ACTIVITY: Below are some entries. Transcribe the lines from the one holding "臺灣大學光電工程學研究所 113學年度 碩、博士班招生說明會場次名稱" to the one holding "三是花单生枝端或成聚伞花序,花朵直径5公", inclusive, but not the pictures among them.

MATERIAL TO PROCESS:
#####

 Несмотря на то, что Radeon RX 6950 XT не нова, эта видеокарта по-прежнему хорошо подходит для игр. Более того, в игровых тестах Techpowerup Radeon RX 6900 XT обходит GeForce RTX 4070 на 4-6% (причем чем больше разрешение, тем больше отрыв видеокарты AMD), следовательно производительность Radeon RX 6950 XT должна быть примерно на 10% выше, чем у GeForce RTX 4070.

#####

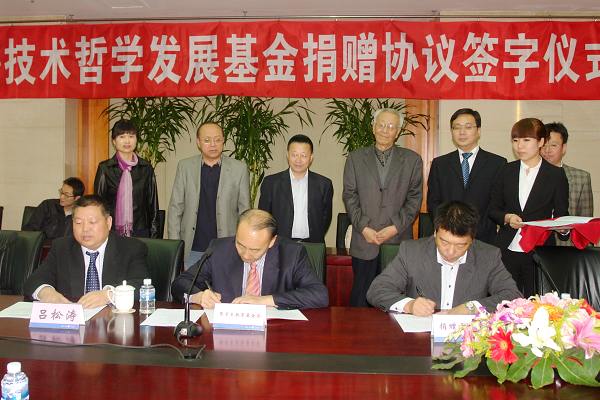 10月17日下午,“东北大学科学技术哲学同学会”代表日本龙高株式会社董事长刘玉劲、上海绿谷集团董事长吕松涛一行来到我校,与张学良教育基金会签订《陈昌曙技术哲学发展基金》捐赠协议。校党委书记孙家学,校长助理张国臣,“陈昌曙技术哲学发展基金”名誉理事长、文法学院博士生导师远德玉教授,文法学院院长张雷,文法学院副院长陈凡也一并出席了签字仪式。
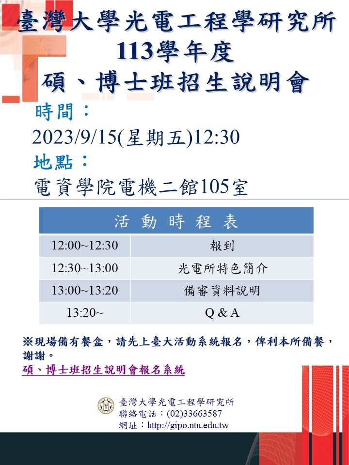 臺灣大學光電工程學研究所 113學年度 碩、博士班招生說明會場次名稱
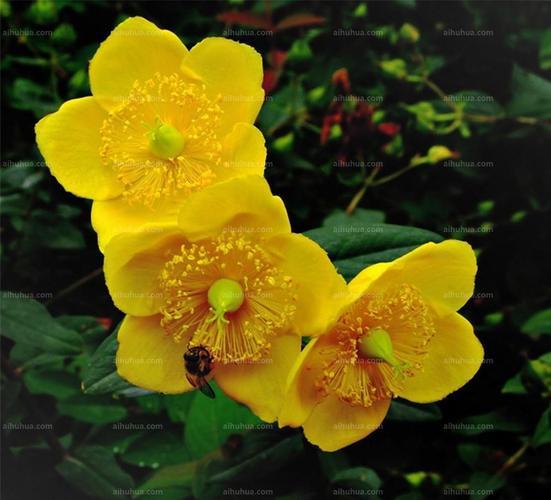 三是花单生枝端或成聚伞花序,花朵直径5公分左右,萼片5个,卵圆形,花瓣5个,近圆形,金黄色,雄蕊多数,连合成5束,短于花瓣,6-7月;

#####

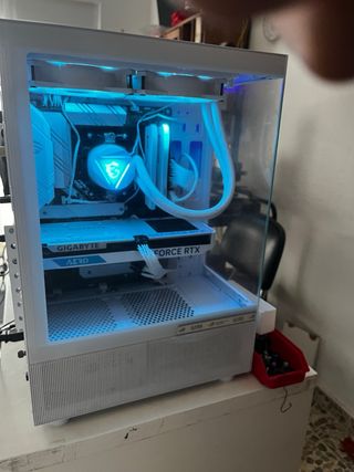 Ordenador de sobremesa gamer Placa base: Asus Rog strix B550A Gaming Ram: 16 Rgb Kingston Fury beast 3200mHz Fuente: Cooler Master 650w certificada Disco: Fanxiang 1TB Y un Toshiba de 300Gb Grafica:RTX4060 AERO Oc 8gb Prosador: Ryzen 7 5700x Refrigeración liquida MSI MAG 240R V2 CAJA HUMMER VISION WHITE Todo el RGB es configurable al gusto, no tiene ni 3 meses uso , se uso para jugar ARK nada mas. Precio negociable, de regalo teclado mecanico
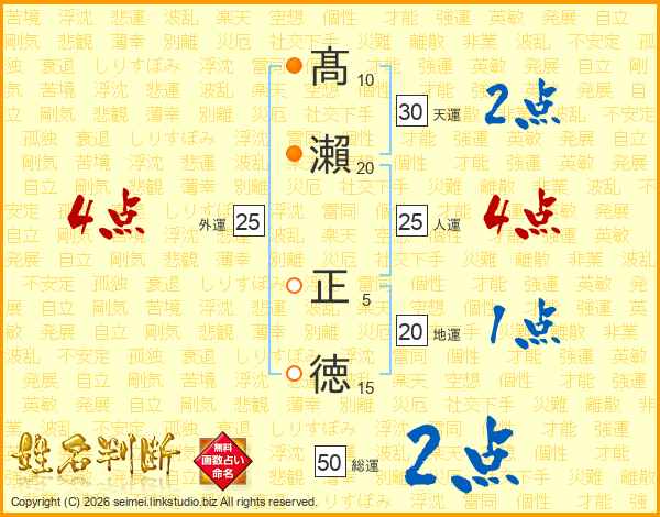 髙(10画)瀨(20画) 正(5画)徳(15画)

#####

TASK RESPONSE:
 臺灣大學光電工程學研究所 113學年度 碩、博士班招生說明會場次名稱
 三是花单生枝端或成聚伞花序,花朵直径5公分左右,萼片5个,卵圆形,花瓣5个,近圆形,金黄色,雄蕊多数,连合成5束,短于花瓣,6-7月;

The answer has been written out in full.